Osman Bey, uzun süredir mücadelesini verdiği hedefe ulaşmış, obasını yeniden hakimiyeti altına alarak yeni bir düzen kurma yolunda ilk adımını atmıştır. Ona gönülden bağlı olanların sayısı giderek artarken, Hasan Alp ve Koca Bey gibi önemli Türkmen beylerinin katılımıyla Osman Bey’in gücü daha da pekişir. Ancak bu yeni düzenin temelleri atılırken, hem içeriden hem de dışarıdan gelen tehditler karanlık bir gölge gibi yaklaşmaktadır.
Esenbike ve Sargun’un beklenmedik ölümleri uçlarda büyük bir kargaşaya yol açar. Bu ölümlerden sonra Olcaytu Han’ın elçisi Kuçar, Osman Bey’in kapısını çalar ve kan bedeli olarak ondan bir kızını ve bir oğlunu ister. Osman Bey, bu hadsiz talebe nasıl karşılık verecektir? Gerçek katilin kendisi olmadığını ispatlayabilecek midir?
Bu sırada, Osman Bey’in geçmişten gelen en büyük düşmanı Sofia, Konstantinopol’den aldığı destekle sahalara geri döner. Eski bağlarını kullanarak Komutan Claudius’u devreye sokar. Claudius, Osman Bey’i alt etmek için sinsice hazırlanmış planlarıyla uçlara gelir. Claudius’un hedefi nedir? Osman Bey bu yeni düşmanı karşısında nasıl bir strateji geliştirecektir?
Dış tehditlerle boğuşan Osman Bey, içte ise başka bir savaşla karşı karşıyadır. Şehzade Orhan ve Şehzade Alaeddin arasında filizlenen anlaşmazlık, sarayın içinde huzursuzluğa neden olur. Bu kardeş kavgası büyüdükçe, hanedanın geleceği tehlikeye girer.
Öte yandan Sofia, bu kez Halime’yi hedef alır.
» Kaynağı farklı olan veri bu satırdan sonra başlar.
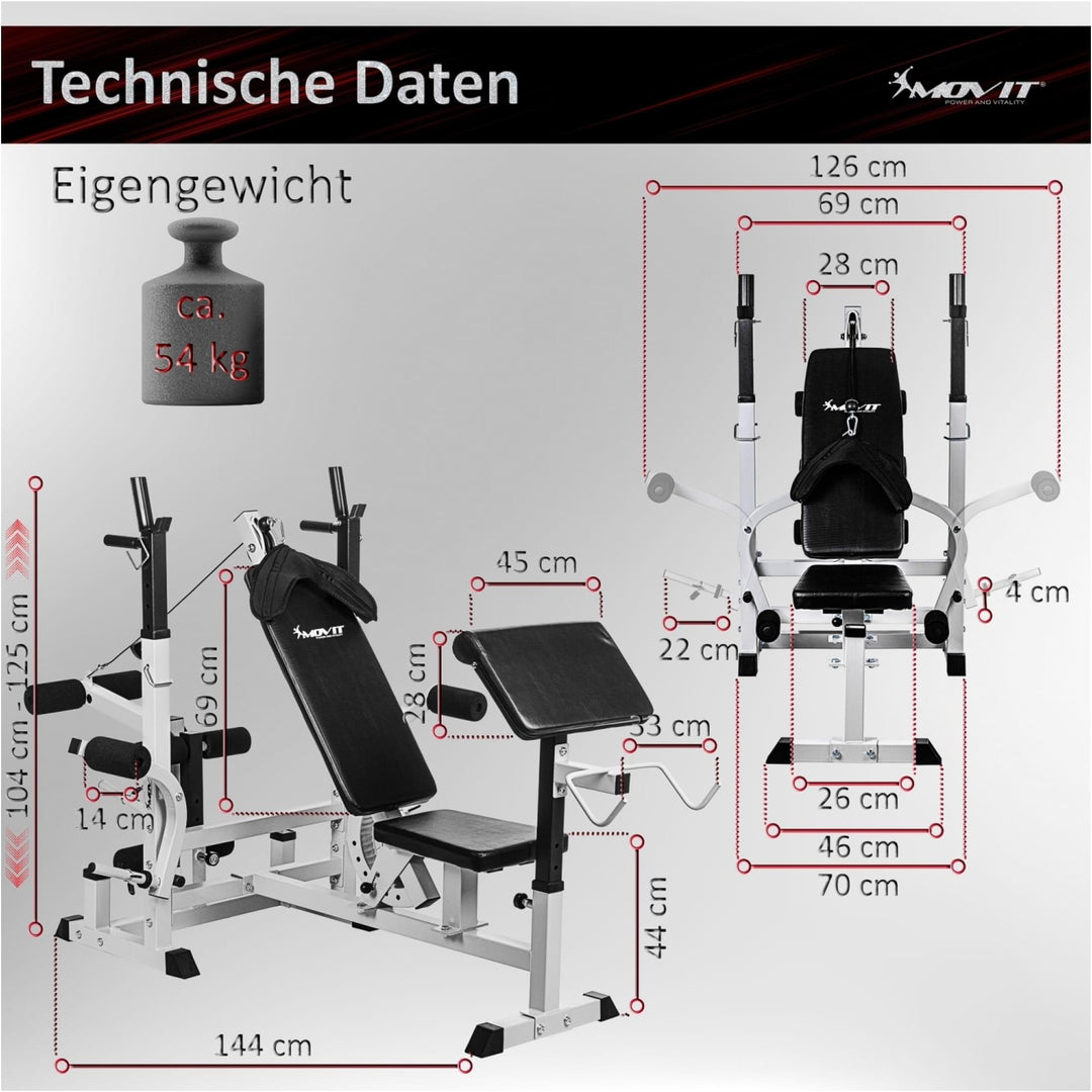 Banca multifunctionala MOVIT "PRO" nclusiv setul ce cuprinde: bara si gantere cu o greutate totala de 60 kg!
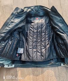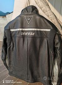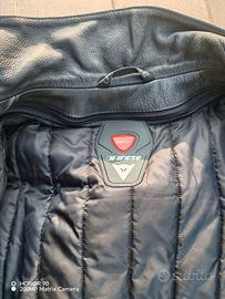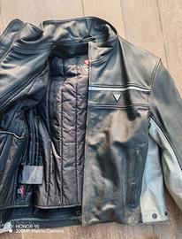Giacca moto stile granturismo in pelle marca Dainese, tinta antracite scuro con inserti sempre in pelle color argento. Imbottitura invernale interna staccabile. Misura 60. Indossata una sola volta per vendita moto

Onu kendi hain planına dahil etmek için harekete geçer. Ancak Halime, oyuna gelmeyecek ve Sofia’nın gerçek yüzüyle yüzleşmeye kararlıdır. Halime’nin hamlesi ne olacak? Sofia’nın planları suya mı düşecek?
Tüm bu gelişmeler, Osman Bey’in hem tahtını hem de hanesini sarsacak büyük bir fırtınanın habercisidir.